##### Records #####
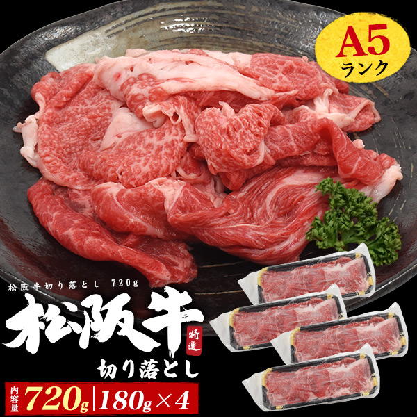 最高級A5ランク松阪牛切り落とし 720g(180g×4)
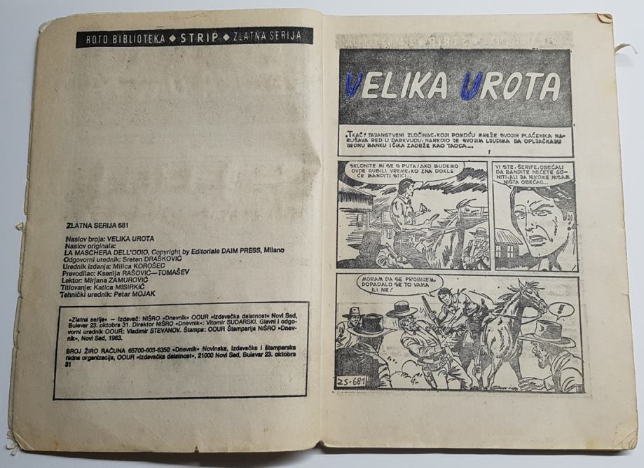 STRIP ZAGOR br. 681, VELIKA UROTA iz 1983 g. -ZLATNA SERIJA, NIŠRO
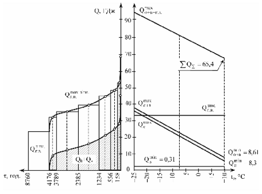витрати теплоти на опалення, вентиляцію, ГВП. Побудовані різноманітні графіки,
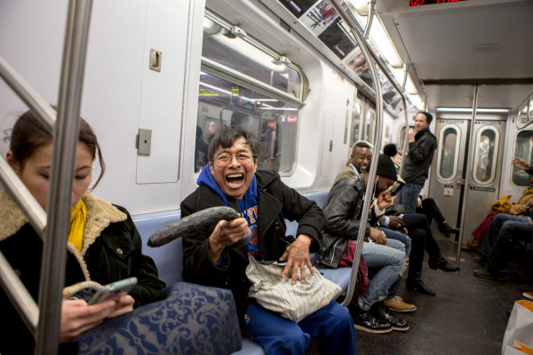 AnimalNewYork: An old man wearing a full New York Knicks sweatsuit was terrorizing straphangers on the subway with a gigantic dildo last weekend. Here’s the story, according to ANIMAL’s Aymann Ismail, who witnessed this around 9 PM on Saturday night aboard a Flatbush Avenue-bound 2 train: An older man of indeterminate ethnic origin boarded the train at Atlantic Avenue; the man seemed “fucked up on some kind of drug,” loose-limbed and sloppy. Some young men sitting next to him began making fun of him. One of the dudes took out his phone to snap a selfie with the older guy. At that point, the old man reached into his bag and pulled out a massive dildo. An anonymous sex toy industry expert ANIMAL consulted estimated that it was between 14-16″ long.
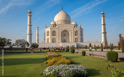 Historic Taj Mahal with a clear blue sky - A UNESCO World heritage site.
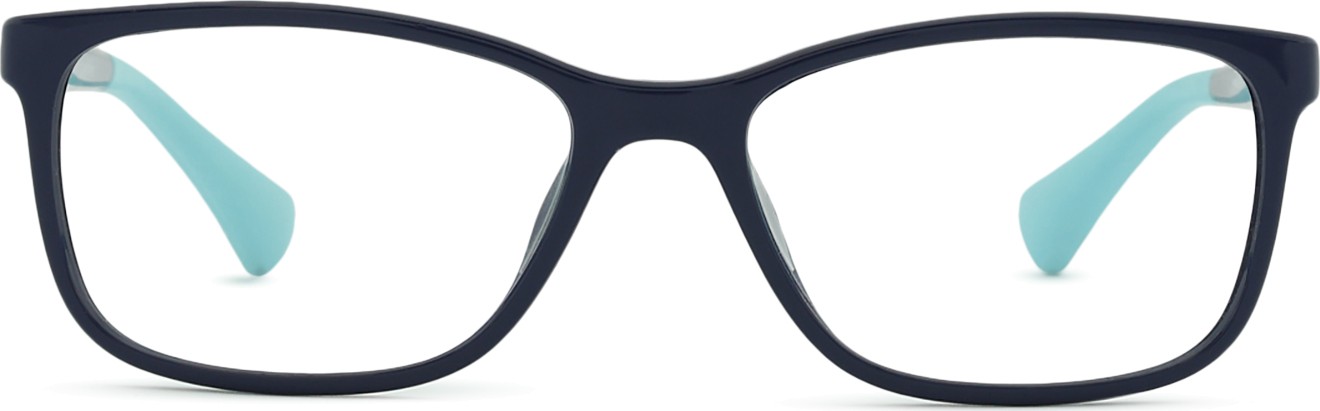 - A cor azul da armação combina perfeitamente com um tom de pele claro e um cabelo castanho claro, preto ou loiro claro.
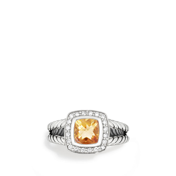 Sterling Silver • Faceted Citrine, 7 x 7mm, Pavé Diamonds, 0.17 total carat weight • Ring, 4-11mm • Splitshank
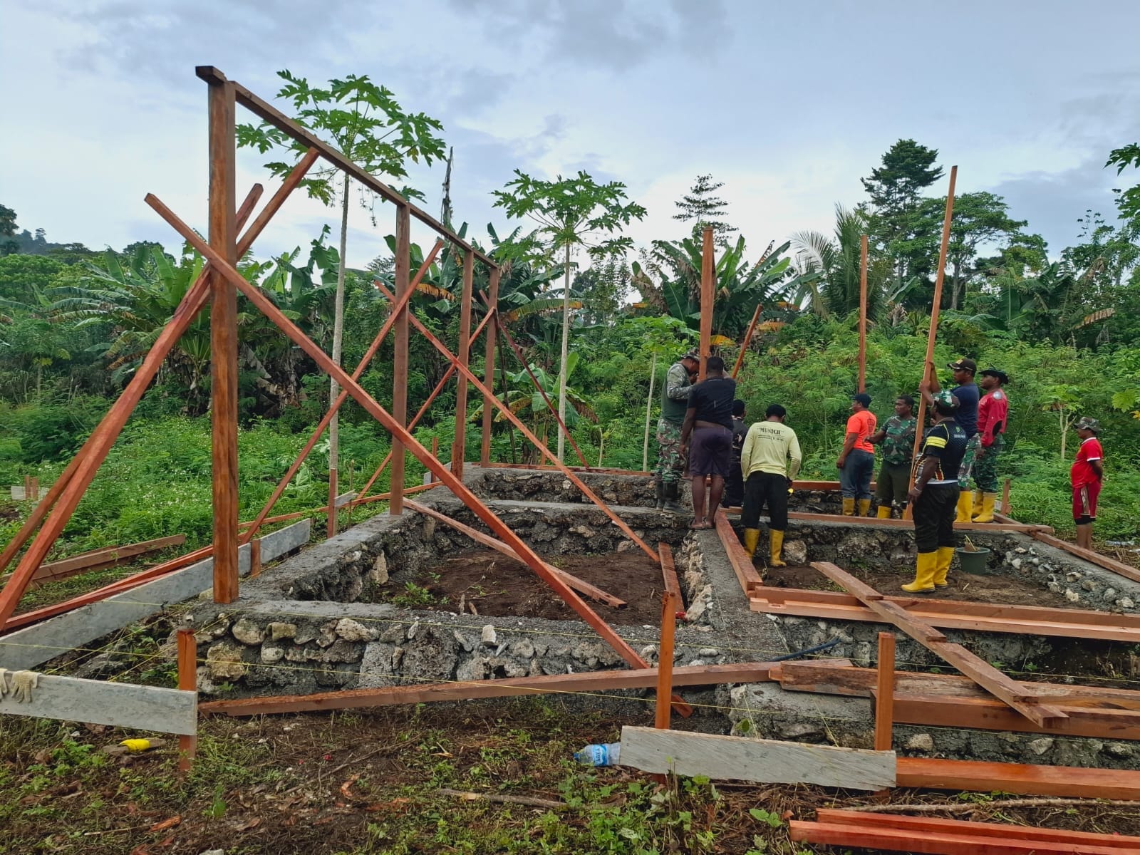 Manokwari Utara — Pelaksanaan program TNI Manunggal Membangun Desa (TMMD) Ke-128 oleh Kodim 1801/Manokwari terus menunjukkan perkembangan yang menggembirakan. Memasuki hari ketiga kegiatan, pembangunan empat unit Rumah Layak Huni (RLH) di Kampung Tanah Rubuh, Distrik Manokwari Utara, Kabupaten Manokwari, telah memasuki tahap penting dengan berdirinya struktur tiang utama.
#####
§ About this task:
Every line of the records above should be copied exactly, while the pictures are left behind.

§ Reply to the exercise:
 最高級A5ランク松阪牛切り落とし 720g(180g×4)
 STRIP ZAGOR br. 681, VELIKA UROTA iz 1983 g. -ZLATNA SERIJA, NIŠRO
витрати теплоти на опалення, вентиляцію, ГВП. Побудовані різноманітні графіки,
 AnimalNewYork: An old man wearing a full New York Knicks sweatsuit was terrorizing straphangers on the subway with a gigantic dildo last weekend. Here’s the story, according to ANIMAL’s Aymann Ismail, who witnessed this around 9 PM on Saturday night aboard a Flatbush Avenue-bound 2 train: An older man of indeterminate ethnic origin boarded the train at Atlantic Avenue; the man seemed “fucked up on some kind of drug,” loose-limbed and sloppy. Some young men sitting next to him began making fun of him. One of the dudes took out his phone to snap a selfie with the older guy. At that point, the old man reached into his bag and pulled out a massive dildo. An anonymous sex toy industry expert ANIMAL consulted estimated that it was between 14-16″ long.
 Historic Taj Mahal with a clear blue sky - A UNESCO World heritage site.
 - A cor azul da armação combina perfeitamente com um tom de pele claro e um cabelo castanho claro, preto ou loiro claro.
 Sterling Silver • Faceted Citrine, 7 x 7mm, Pavé Diamonds, 0.17 total carat weight • Ring, 4-11mm • Splitshank
 Manokwari Utara — Pelaksanaan program TNI Manunggal Membangun Desa (TMMD) Ke-128 oleh Kodim 1801/Manokwari terus menunjukkan perkembangan yang menggembirakan. Memasuki hari ketiga kegiatan, pembangunan empat unit Rumah Layak Huni (RLH) di Kampung Tanah Rubuh, Distrik Manokwari Utara, Kabupaten Manokwari, telah memasuki tahap penting dengan berdirinya struktur tiang utama.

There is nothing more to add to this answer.